Exercise goal →
Only the lines from the one bearing "Some piece of" through the end of the listing belong in your response, restated word for word and without pictures.

Exercise data →
--------------------------------------------------

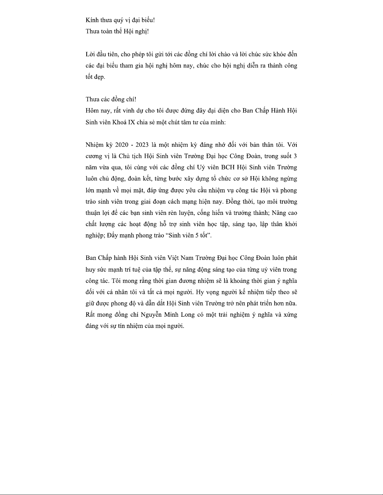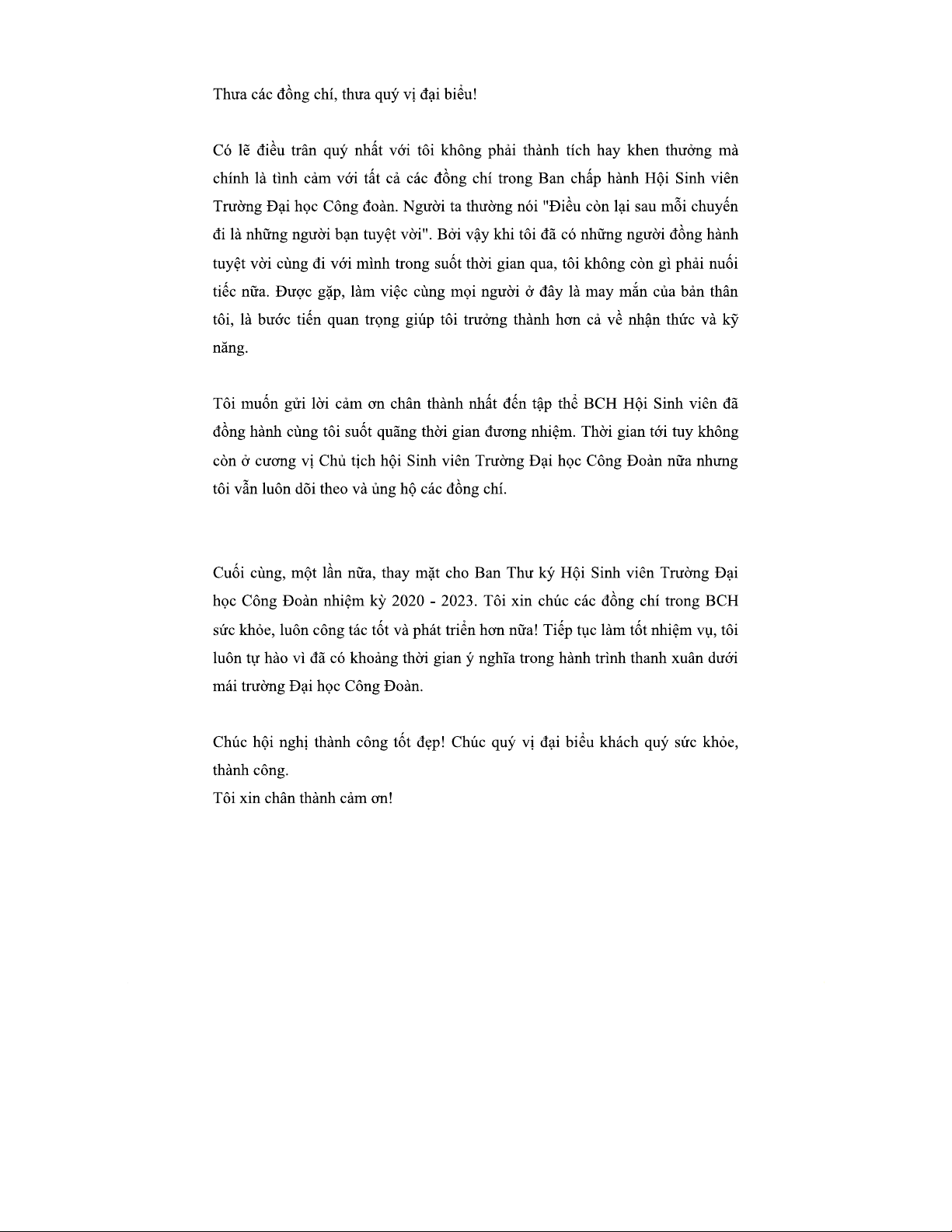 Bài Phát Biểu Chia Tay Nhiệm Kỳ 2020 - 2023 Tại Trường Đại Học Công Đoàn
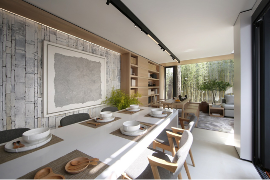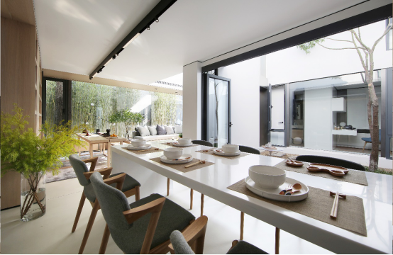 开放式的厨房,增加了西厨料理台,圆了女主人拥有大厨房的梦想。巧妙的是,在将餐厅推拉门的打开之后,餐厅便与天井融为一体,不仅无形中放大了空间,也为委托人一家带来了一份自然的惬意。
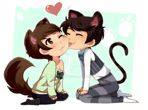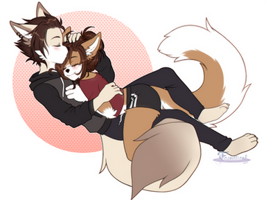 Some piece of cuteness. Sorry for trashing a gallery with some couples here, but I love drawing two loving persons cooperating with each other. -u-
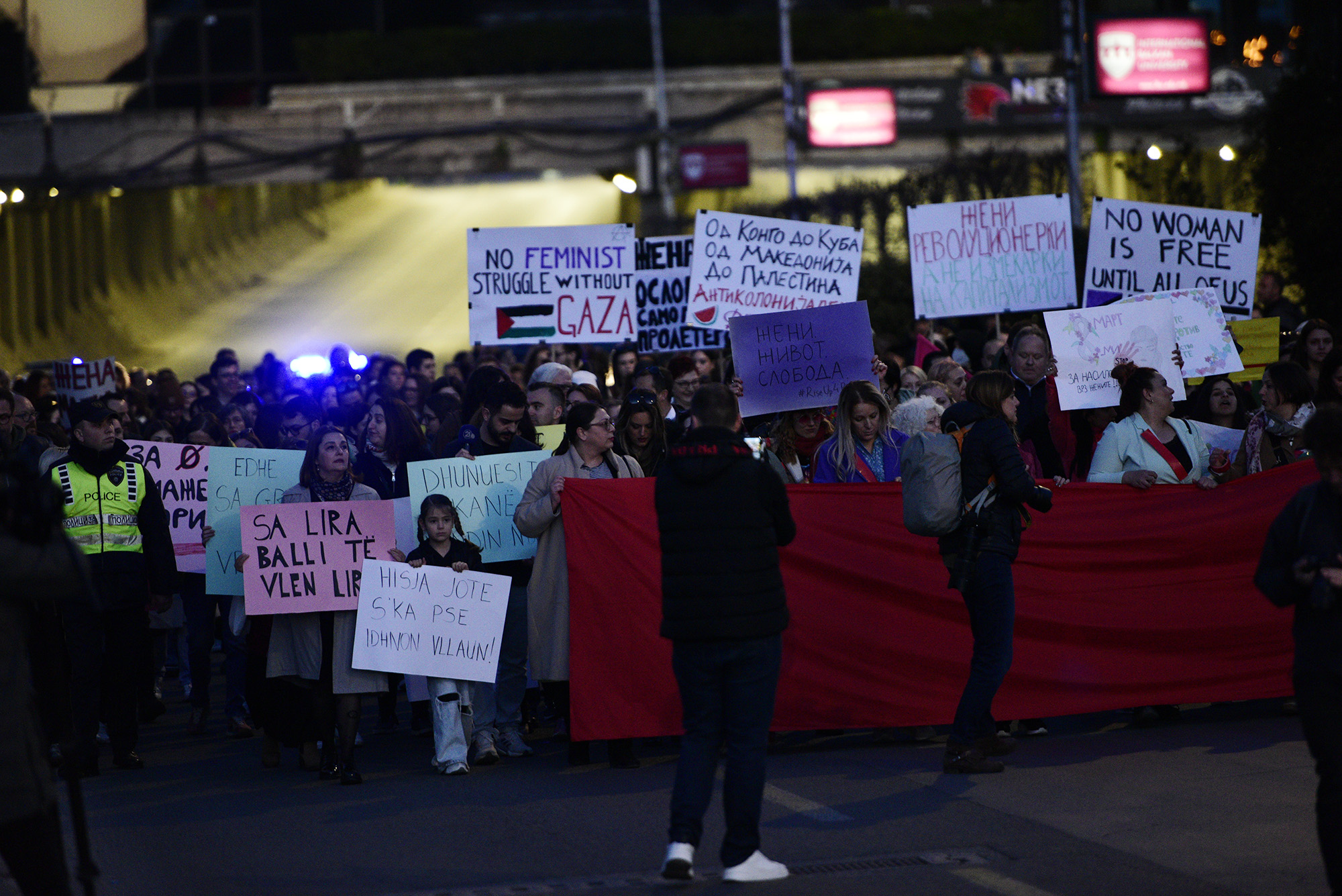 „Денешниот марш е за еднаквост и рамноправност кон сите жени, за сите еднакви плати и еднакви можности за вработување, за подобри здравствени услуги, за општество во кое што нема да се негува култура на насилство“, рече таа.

--------------------------------------------------

Written solution →
 Some piece of cuteness. Sorry for trashing a gallery with some couples here, but I love drawing two loving persons cooperating with each other. -u-
 „Денешниот марш е за еднаквост и рамноправност кон сите жени, за сите еднакви плати и еднакви можности за вработување, за подобри здравствени услуги, за општество во кое што нема да се негува култура на насилство“, рече таа.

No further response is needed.